豊田悠『パパと親父のウチご飯』8巻

ついに過去回想編に突入。

来たかーという感じである。

わたしは原則として過去回想編を好まない。キャラクターの人間としての「厚み」や「深み」を手軽かつ効果的に表現できることはわたしも認める。しかし、これは漫画家が陥りやすい罠である。つい、これに頼ってしまう。過去の話をつらつらと見せて「あいつにも色々あったんだ」と言うのは簡単だが、それを現在進行中のストーリーで見せられなくなったら、わたしは漫画としては欠陥商品だと思っている。もちろんたまにやるのは良いと思う。ほどほどに抑えるなら、時間軸も変わって新鮮味もあるだろう。ふと脳裏によぎった過去のエピソードを数ページ程度描写するのなんかは「好み」とさえ言って良い。しかしあまり長く続けたり、何度も何度もやるのは、プロとしてどうかと思う。わたしは、過去回想編は「酒」のようなものだと思っている。麻薬とは言わない。少量なら効果はあるから。しかし作り手側に依存性があり、依存すると頻繁かつ長々と過去回想編に突入するようになり、ついに過去回想編なしでは作品を生み出せなくなる。

ちなみに、この「過去回想編依存症」に重度に罹患した有名漫画家としては、『ONE PIECE』の尾田栄一郎が挙げられる。
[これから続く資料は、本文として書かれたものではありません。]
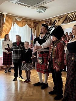 Главное действие проходило в актовом зале. Под звуки волынки в зал вошла директор гимназии...

新しいエピソードが始まるたびに10人も20人もバカスカ新キャラクターを出しまくった結果、登場人物の人間性を十分に描き切れず、物語に厚みが欠落する。だからクライマックスが近くなると必ずと言って良いほど過去回想編に突入し、読者的には本当にどうでも良いけれども作者的には重要だというサブキャラクターの「あの頃(過去回想編)」を、何周にも渡って(時には単行本1巻を超える長尺で)延々と描写するのである。アホかと思う。だからわたしはワンピを読まなくなった。

本作の場合、まだ過去回想編は「効果的」だと言えるレベルである。しかし「あとがき」を読んで、まだまだ過去回想編を続けそうな感じがあったので、ちょっと書いてみた。過去回想編は、作者が思っているほど手放しで褒められるものとは必ずしも言えないとわたしは考えている。